Industry Spotlight

January 1, 2003

Elephant Pharmacy: Big, Gentle, Intelligent

In November of last year, a new kind of pharmacy made a stampede into Berkeley, CA, aiming to reshape the landscape of retailing by providing specialized service to specialized natural products customers. The introduction of Elephant Pharmacy is something co-founders Anthony Harnett and Stuart Skorman have been dreaming about for a long time. Discussing its roots was Mr. Skorman, also CEO of the company. "Twenty years ago when I was helping Anthony Harnett to invent Bread & Circus, which is now Whole Foods-the dominant company in the East-there were many things that were similar to mainstream grocery stores and many things that were different," he explained, "The whole idea behind Bread & Circus prompted us to envision a store down the road geared toward aging adults such as ourselves. We figured we were going to need a baby boomer drugstore." Explaining the significance of the name, Mr. Skorman said, "We like to think of our store as being big, gentle and intelligent, which are all the characteristics of an elephant. It was also one of those names that stuck. We wanted to use a name that was more poetic. We also think part of being healthy is not taking things too seriously in a sense, so we wanted a fun spirit within the company."

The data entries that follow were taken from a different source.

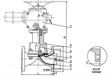 部件列表:1.阀体 2.隔膜 3.阀瓣 4.阀杆 5.阀盖 6、手轮
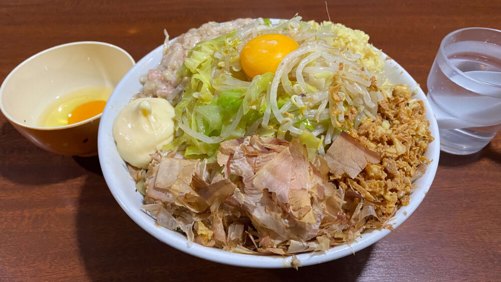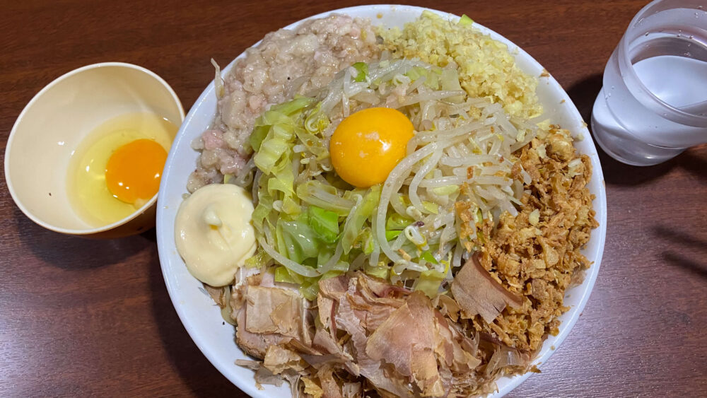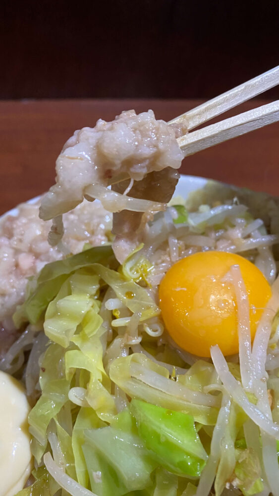「汁無し豚増し(ニンニク以外全部)+生卵+ショウガ」を実食!
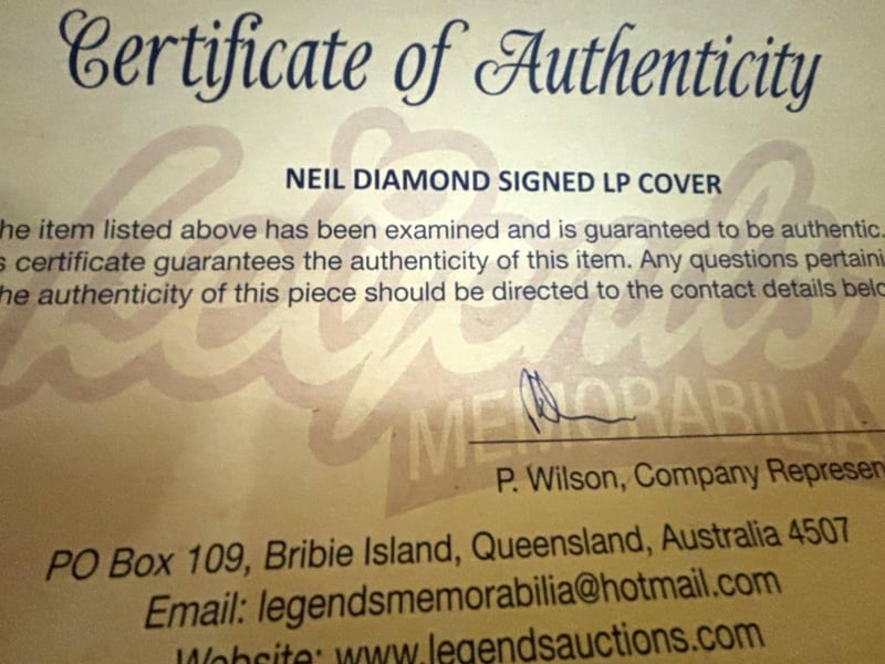 NEIL DIAMOND SIGNED & FRAMED LPNeil Diamond Personally Signed 'Got It' Lp. The Album Has Been Custom Framed, And Is Ready To Hang. Measures 650 X 550. The Item Is Accompanied By A Certificate Of Authenticity.584993+8
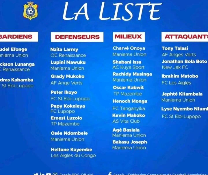 Read MoreOtis Ngoma, sélectionneur de l'équipe nationale de football de la République Démocratique du Congo, a publié ce mardi 14 janvier 2025 la liste des 23 joueurs retenus pour prendre part au Championnat d'Afrique des Nations (CHAN) 2024. Une surprise dans cette sélection : pour la première fois, le TP Mazembe, club phare du pays, n'a que quatres joueurs appelés, tandis que l'As Maniema Union, place huit de ...
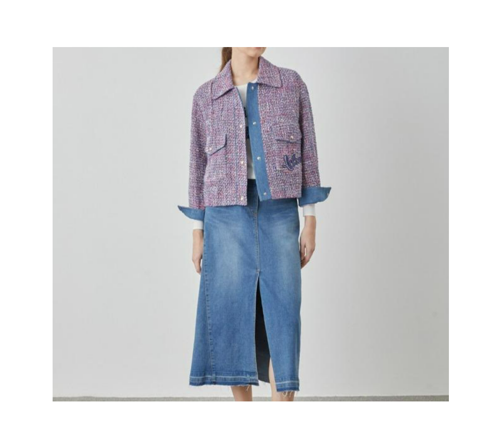트렌디한 트위드자켓으로 배색으로는 데님 라이크오 케주얼하게 풀어낸 자켓입니다
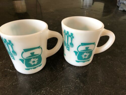 2 Vintage Hazel Atlas White Milk Glass Mug Turquoise Kitchen Tea Pot Mid Century
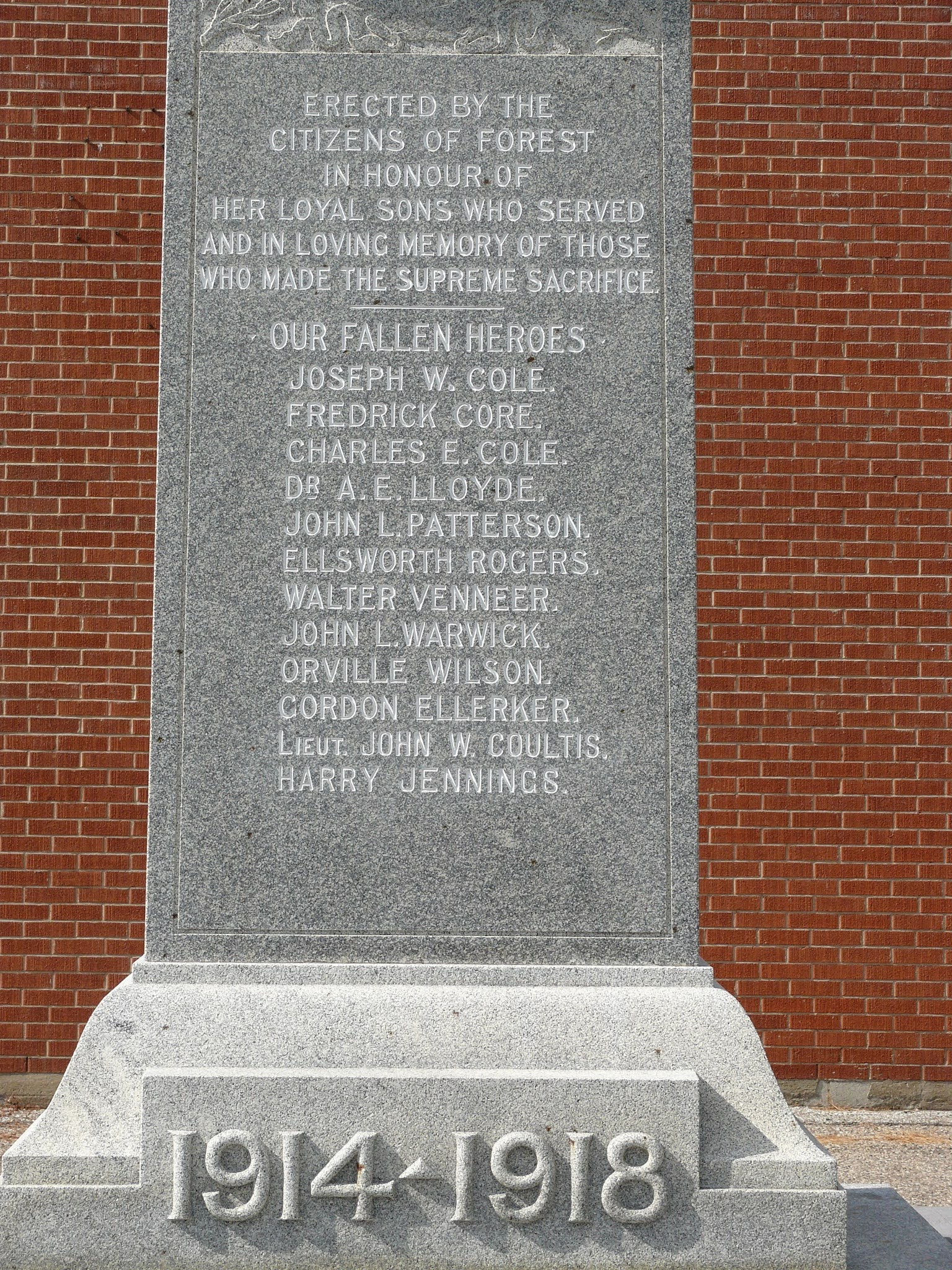 The figure of a soldier by the Community Hall in Forest is sculpted from Italian marble. It is one of many in Canada that were crafted in Europe. The fine stone is much prized for sculpture and comes from the same area as the marble that Michelangelo worked. Source: "By Little Towns" booklet by Robert Shipley
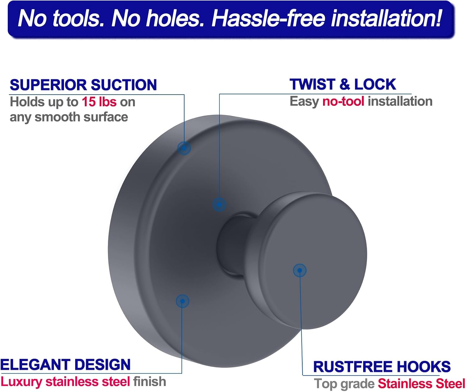 - [Functionality Meets Style]: With a super sticky silicone base and advanced vacuum suction technology, these hooks deliver strong, reliable support. Simply turn the knob clockwise to eliminate air and maximize suction power. Each hook can hold up to 15 lbs
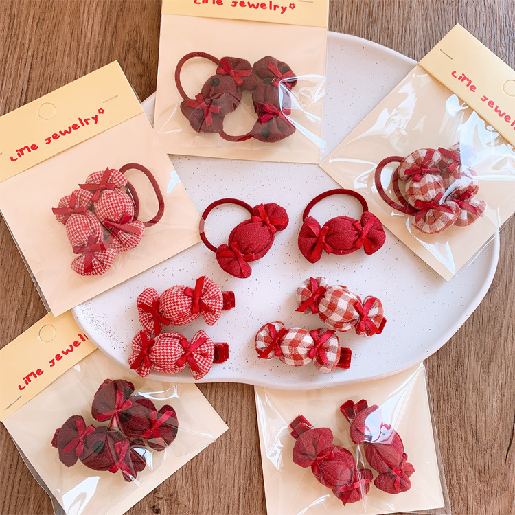 新しい子供の赤いキャンディーのヘアピンの女の子の格子縞のヘアピン
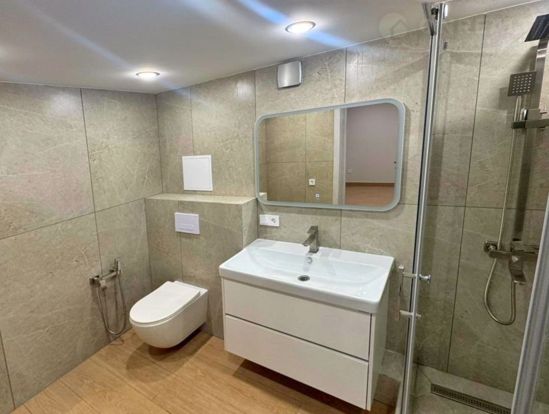 В ванной душевая, гигиенический душ, зеркало с подсветкой.
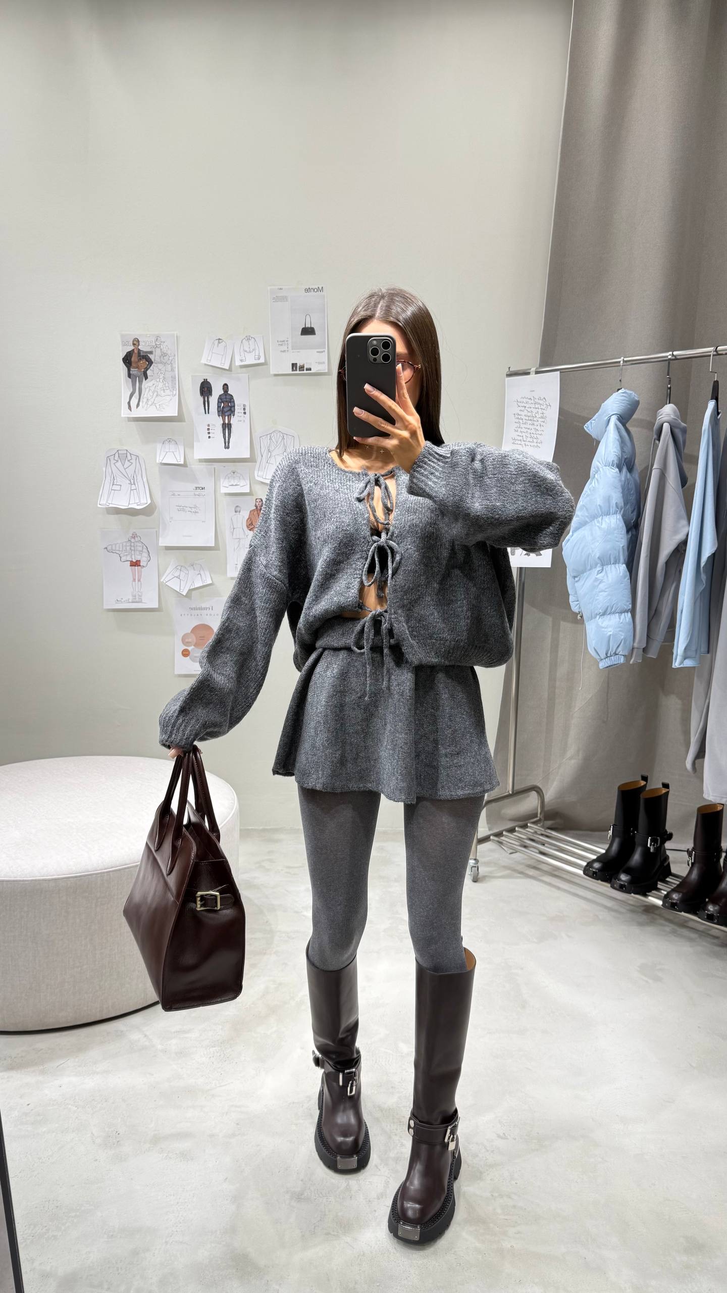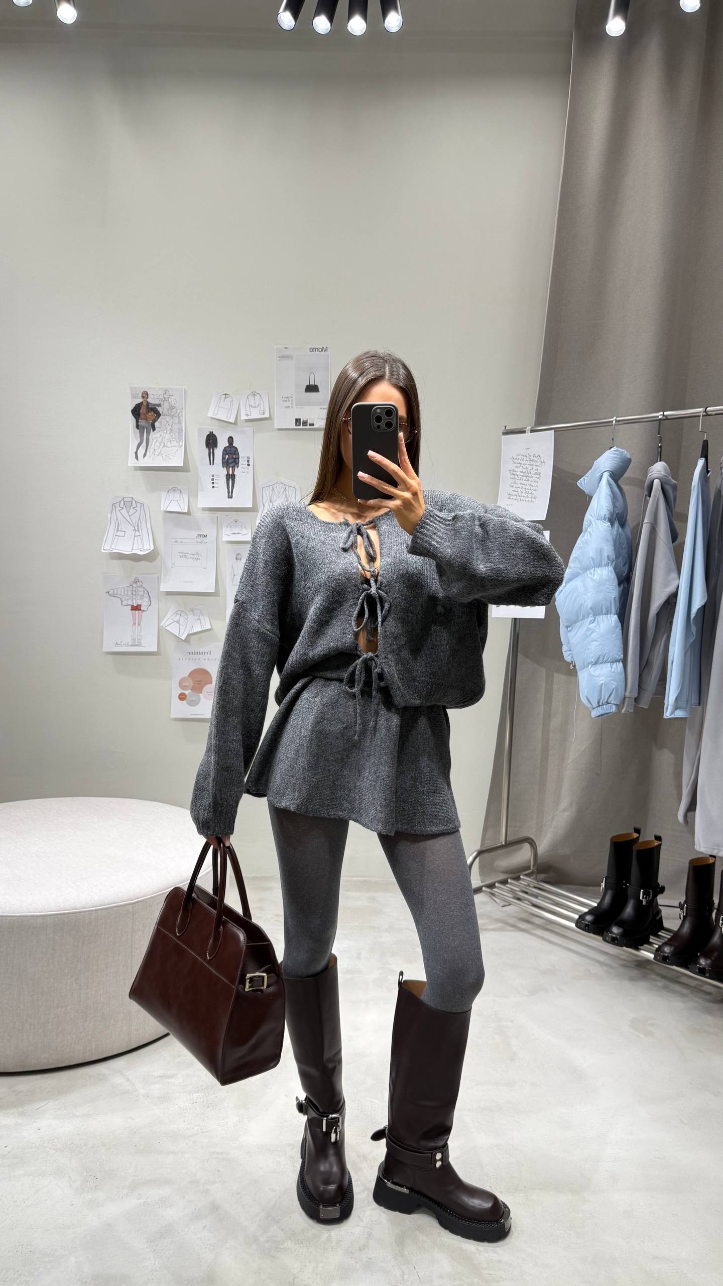 Dół to modowa interpretacja klasyki – dzianinowa mini do bioder, która tworzy efekt lekkiej, dziewczęcej struktury.
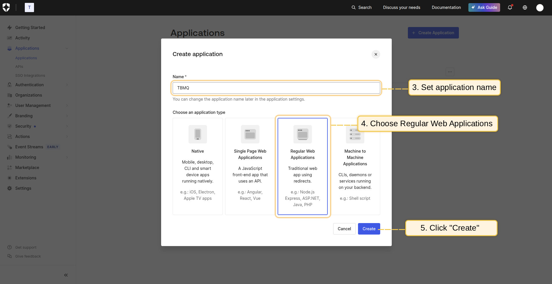 - 将应用程序命名为”TBMQ”,选择应用程序类型为Regular Web Applications;
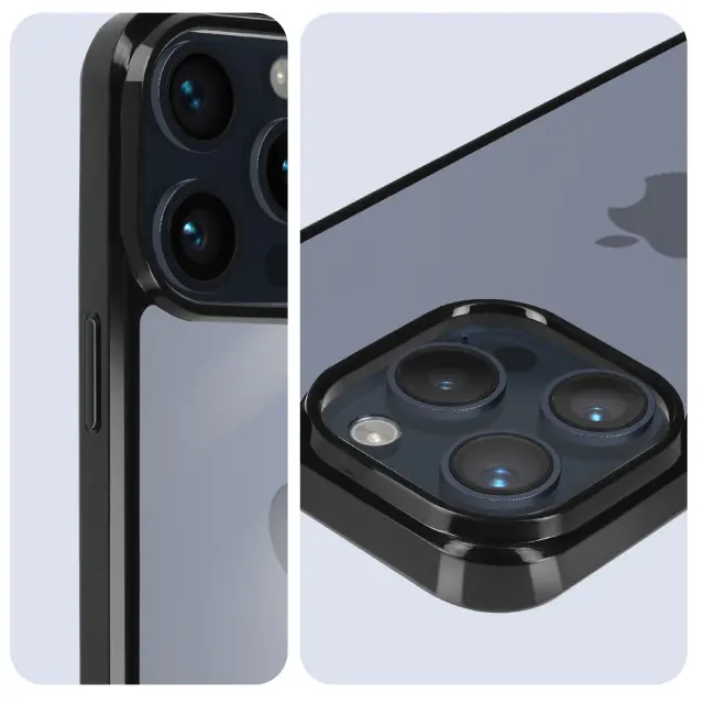 Ovitek Solid Frame za zašcito vašega iPhone 15 Pro Max pred udarci in praskami. Njegova trdna prozorna prevleka s prožnim crnim obrisom poudari dizajn vašega mobilnega telefona. Za vecjo zašcito dvigne robove zaslona in blok kamere.
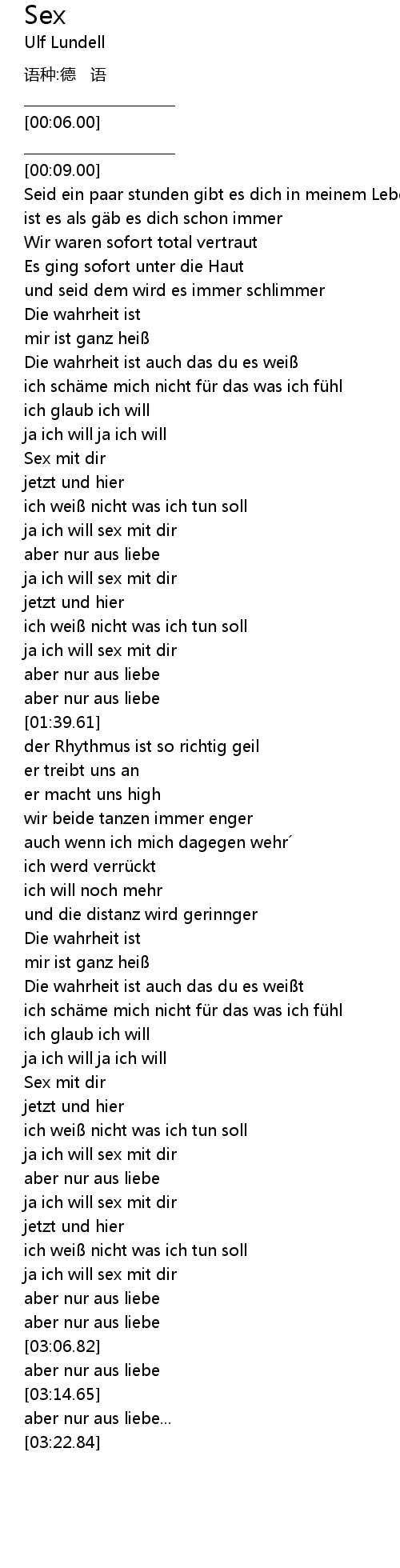 | [00:17.25] | Seid ein paar stunden gibt es dich in meinem Leben doch für mich |

The layout of Elephant Pharmacy is strategically similar to other big box pharmacies such as Walgreens and CVS. There are exceptions, however, as Elephant Pharmacy is the only store in the world that has a full service prescription pharmacy in addition to a full service herb pharmacy, according to Mr. Skorman.

The store is also based on a strong commitment to education and creating a customer-friendly atomosphere. "We are building in a huge amount of education into the shopping experience. We don't think we are that smart as to tell people what they should take, but we want to give them all of the information available in order to help them make a good choice," he said. Giving the customer the most information possible may not help sell vitamin C, Mr. Skorman said, but it will tell them the truth, with the ultimate goal of building long term relationships with the customers. "We think when it comes to health people are really looking for service and we want to build a very strong service culture," he said. "Whole Foods has done a lot with building a service culture in grocery stores and we want to do the same in our niche."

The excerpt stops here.